Dipublikasikan: 08 Sep 2022, 15:00
ADVERTORIAL
Angkasa Jaya: Penyebab Krisis RTH Karena Pemkot Main Asal Tujuk Lokasi
Ketua Komisi III DPRD Samarinda, Angkasa Jaya Djoerani (Foto: Arief Kaseng/Kaltimnews.co)

KALTIMNEWS.CO, Sejumlah Upaya dapat dilakukan pemerintah Kota Samarinda dalam menegelolah lahan menjadi kawasan Ruang Terbuka Hijau (RTH). Sebut saja sejumlah wilayah pasca tambang yang kini terbiarkan menjadi ancaman maut bagi warga kota.
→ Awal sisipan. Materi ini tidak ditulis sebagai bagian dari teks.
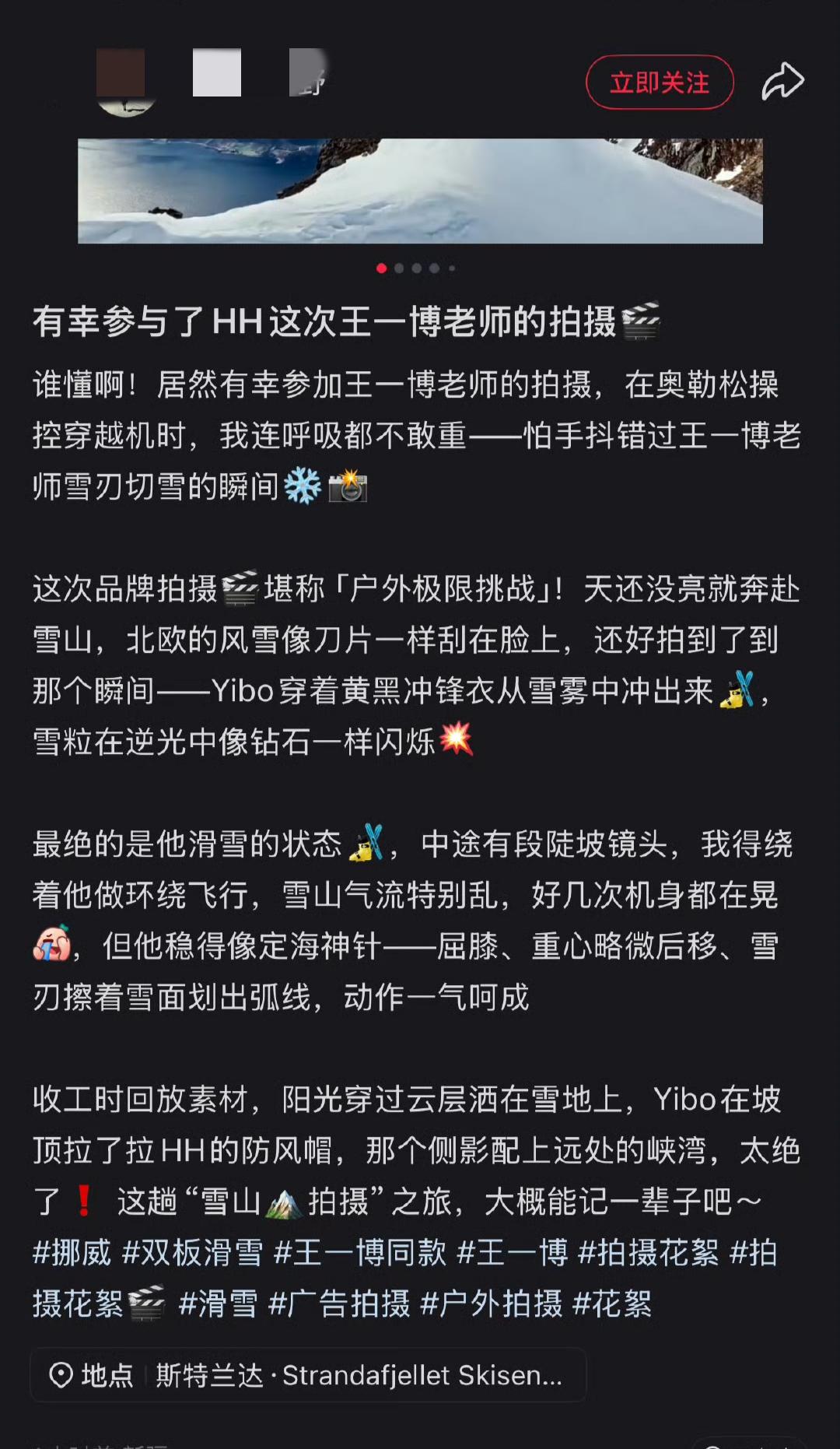 “最绝的是他滑雪的状态🎿,中途有段陡坡镜头,我得绕着他做环绕飞行,雪山气流特别乱,好几次机身都在晃,但他稳得像定海神针——屈膝、重心略微后移、雪刃擦着雪面划出弧线,动作一气呵成。 ” 这是又一位参与海丽汉森雪山大片的工作人员讲述的拍摄花絮,他说“我连呼吸都不敢重——怕手抖错过王一博老师雪刃切雪的瞬间”。 谁懂啊,王一博的广告就是如此真实和酷炫的大片质感,那些一万次的棚拍摆拍绿幕“替身”营造出来的氛围和镜头,都不如王一博在冰天雪地白雪覆盖的雪峰之上来一次真正的“户外极限挑战”来的震撼。 这样的王一博,哪个品牌能不爱?

Hal ini disebutkan Ketua Komisi III DPRD Samarinda, Angkasa Jaya Djoerani kepada Kaltimnews.co, Kamis (8/9/2022) siang.

Angkasa Jaya menyebutkan jika kondisi Samarinda sangat miris dan berstatus darurat RTH, 30 persen luas wilayah kota samarinda harus menjadi kawasan RTH

“Luasan Kota Samarinda ini kan 717,4 km², itu artinya 215,22 km² harus menjadi kawasan RTH, sementara kondisi sekarang wilayah RTH Kota Samarinda tidak mencapai 1 persen,” ujarnya. 

Asal main tunjuknya Pemerintah Kota (Pemkot) Samarinda kata dia, dalam pembentukan Wilayah RTH menjadi biang keladi dari masalah krisis RTH yang dialami sekarang ini.

“Krisis RTH ini sudah berlangsung lama loh sejak 2014 silam, pasca terbitnya Peraturan Daerah (Perda) No 2 tahun 2014, yang mengatur tentang RTH wilayah Samarinda Tahun 2014-2034 yang kala itu asal main tunjuk lokasi, dengan tujuan memenuhi persyaratan,” sebut Angkasa.

Namun kata dia Pemkot tidak memerhatikan dampaknya utamanya tidak memerhitungkan lokasi yang dimasukkan dalam RTH adalah kawasan yang telah dimiliki oleh warga setempat. 

“Kejadian tersebut tentunya menjadi persoalan berat saat pihaknya melakukan revisi terkait RTH, pasalnya dalam sejumlah revisi ditemukan jumlah RTH yang tercantum dalam dokumen nyatanya tidak mencapai 1 persen jumlahnya dalam masterplan,” terangnya. (*)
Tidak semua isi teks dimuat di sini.